Male variation

I’ve been glancing through Mary Roth Walsh (ed), Women, men and gender: ongoing debates (New Haven 1997) and came across discussions of differences between the sexes on mathematical ability. (This interests me because I studied maths before I became a historian, and was good enough to get a first-class degree in it). Looking at the data, the argument doesn’t seem to be about average abilities, where there is little, if any sex-related difference, but about the extremes. Specifically, some scientists are claiming that men’s intellectual performance (both on mathematics and other intellectual measures) is more variable than women’s, so that there are more extremely clever men and more extremely stupid men, while women’s abilities bunch more. (This has also been suggested by several other studies/commentators(see e.g.,,1556640,00.html). I’ve heard of this theory before, but for the first time I came across it being designated as the Greater Male Variability Hypothesis. I haven’t investigated the topic sufficiently (and I’m not sure I will), to know how much the evidence stands up for this view. (When I started Googling the term, one of the first things I found was a cross-cultural study that claimed that US findings on this weren’t common to all cultures)

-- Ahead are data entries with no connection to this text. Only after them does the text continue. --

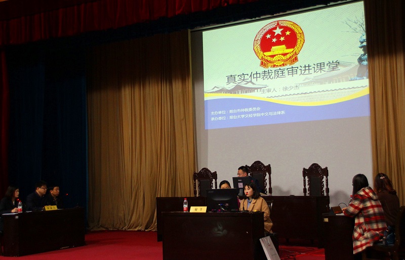 2017年4月7日,烟台大学文经学院文法系特邀烟台仲裁委员会走进校园,举办真实仲裁案件的公开审理活动,为法科学生上了一堂生动的法律实践课。烟台仲裁委员会审理二科科长徐少杰担任主审人,文经学院教务部部长董新红、人事部副部长于静、文法系副主任林莎及法学专业近500名师生旁听了此次仲裁庭审。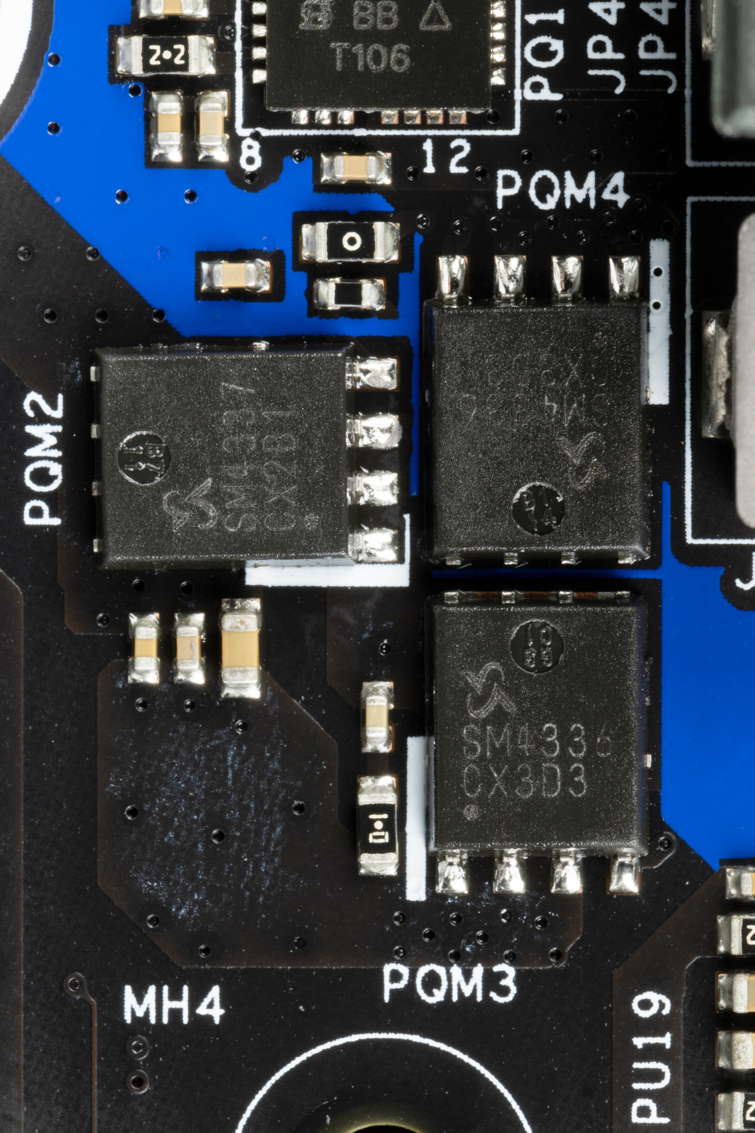 Одна фаза питания VCCIO имеет уже не сборку, а набор из трех полевых транзисторов от Sinopower и свой ШИМ-контроллер.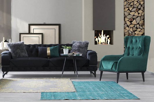 Turkuaz Kadife Chester Koltuk Modeli Klasik Chester Koltuklar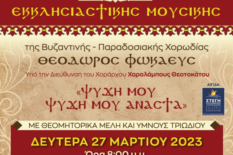 Νέα συναυλία θα πραγματοποιήσει η Βυζαντινή – Παραδοσιακή χορωδία «ΘΕΟΔΩΡΟΣ ΦΩΚΑΕΥΣ», με τίτλο «Ψυχή μου, ψυχή μου Ανάστα», στον Ι. Ν. Αγ. Νικολάου Πατρών, την Δευτέρα 27 Μαρτίου 2023 και ώρα 8.00 μ.μ.

I do have two immediate thoughts from a gender studies perspective, however. One is that if there was a Greater Female Variability Hypothesis, it’d surely have got extended onto claims about women’s emotional variability, inconstancy etc. The other is why claims about variability only emerge during discussions about why there are so few women scientists (e.g. Lawrence Summers speaking at Harvard). Why do the scientists not speak out whenever there is one of the frequent panics about boys’ academic achievement? Or are they not prepared to acknowledge the alternative side of their hypothesis: that is ‘natural’ that boys will disproportionately be at the bottom end of the academic scale, and (as a presumable corollary), we shouldn’t do anything to alter this inevitable state of affairs.